ASSIGNMENT
Records follow. Print exactly the lines from the one that has "Tiger ist der" through the one that has "Arach&Cloz Women’s Wool", inclusive, and omit the pictures.

********************

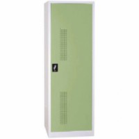 Policejní šatní skříňky s integrovaným trezorem. Odvětrávání vlhkosti pomocí perforace na dveřích skříňky. Skříň je uvnitř rozdělená na sektor s policemi a volný sektor s věšákovou tyčí a trezorem. Na vnitřní straně dveří je umístěné malé zrcadlo a poličky pro uložení drobných věcí. Uzamykání cylindrickým zámkem.Policejní šatní skříně Manutan Expert, 1 oddíl
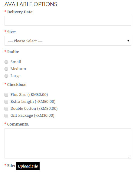 Options is useful when you want to add different product choices to a product, such as Color, Size, Custom Made Option, File Upload, Delivery Date, Multiple Add-ons and so on.
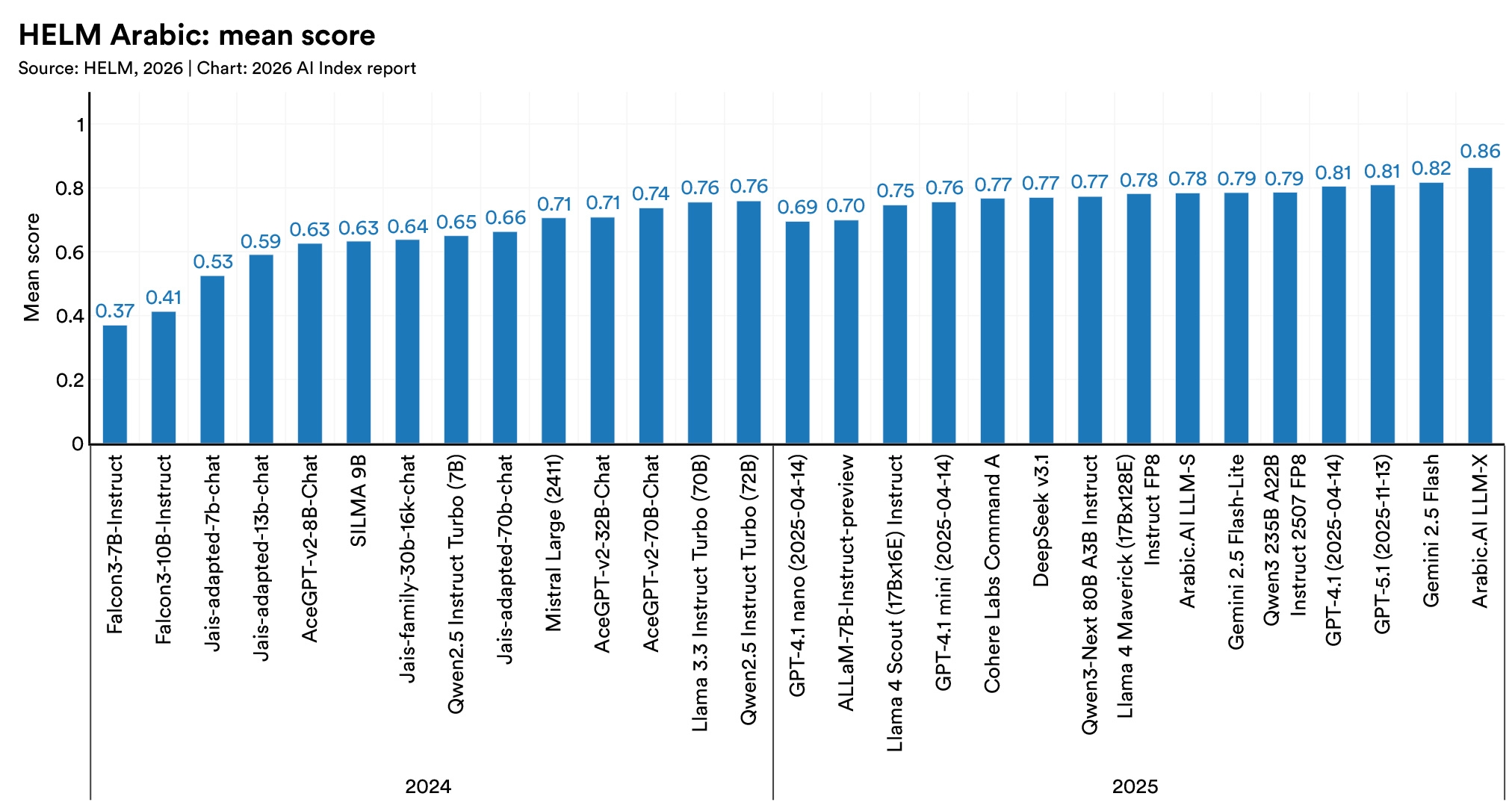 On HELM Arabic, a regionally developed model for the Arabic language, outscored GPT-5.1 and Gemini 2.5 Flash. The gap widens at the dialect level. On a Slovenian commonsense reasoning test, several leading models lost close to half their accuracy when tested in a regional dialect rather than the standard language.
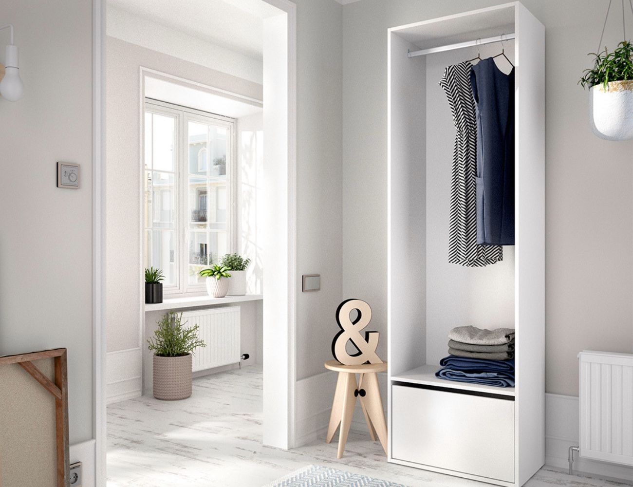 PVPR: 215,16 € 129,10 €Módulo vestidor compuesto por hueco con barra de colgar en parte superior y puerta con zapatero en la inferior.
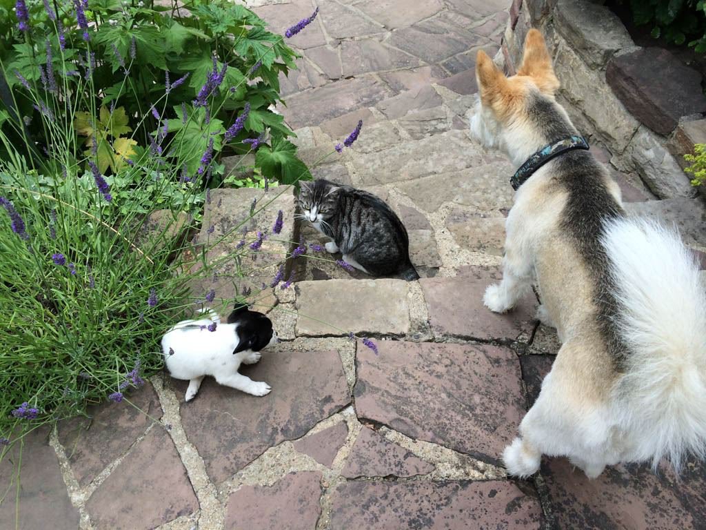 Tiger ist der Familienkater, den alle zusammen gerettet haben. Abby ist ganz klar Lillys Hund, also von unserer großen Tochter und Alma ist der Hund unserer jüngsten Tochter. Trotzdem bin ich die, die wohl am meisten macht: Ich gehe raus mit dem Rudel, stehe in der Küche, wo ich immer wieder frische Möhren ins Futter reibe und den extra leckeren Quark, den alle so sehr lieben, unters Futter hebe.
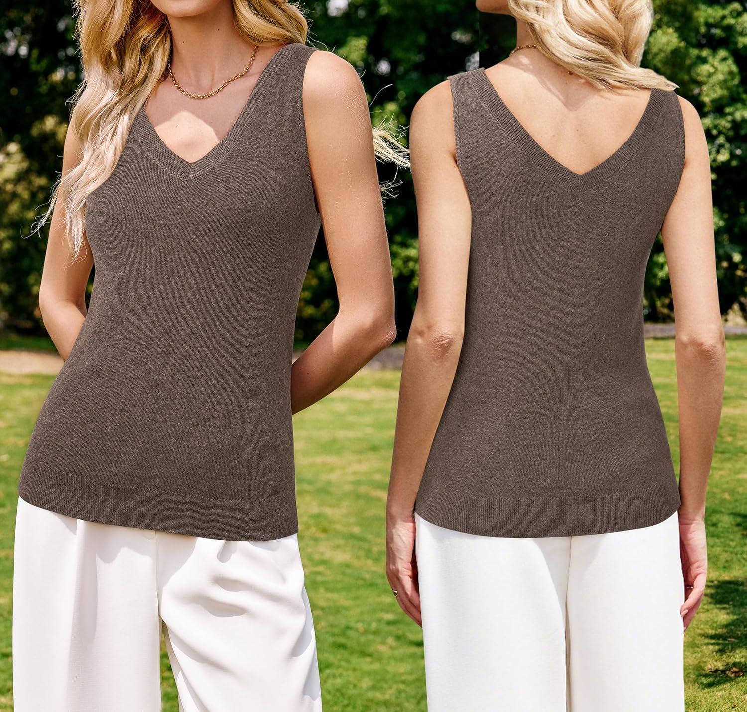 Arach&Cloz Women’s Wool Blend Sweaters Non See Through Double V-Neck All-Season Tank 2025(Coffee)
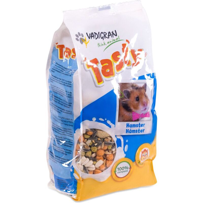 Your Sweet Hamster Will Do a Happy Dance when you pour this complete animal feed for hamsters into their dinner bowl A Nutritious Addition to their Diet, it’s Thoroughly Tested, 100% Complete, and 100% Delicious The Tasty brand is the Nr. 1 Hamster Food Mix for a long, healthy, and happy small animal life, it helps your little friend Feel Healthy and Stay Active High in Nutrients, this premium and complete meal will help keep their Small Bodies in Top Condition, so they can Play the Day Away A bowlful of Pure Wellness, Your Hamster Pal will love to nibble on this wonderfully yummy and delicious food This essential hamster food contains important ingredients that your small animal needs to stay healthy, active, and happy. It keeps their digestive system working in top form. It smells wonderful and tastes great.

********************

RESULT OF THE TASK
 Tiger ist der Familienkater, den alle zusammen gerettet haben. Abby ist ganz klar Lillys Hund, also von unserer großen Tochter und Alma ist der Hund unserer jüngsten Tochter. Trotzdem bin ich die, die wohl am meisten macht: Ich gehe raus mit dem Rudel, stehe in der Küche, wo ich immer wieder frische Möhren ins Futter reibe und den extra leckeren Quark, den alle so sehr lieben, unters Futter hebe.
 Arach&Cloz Women’s Wool Blend Sweaters Non See Through Double V-Neck All-Season Tank 2025(Coffee)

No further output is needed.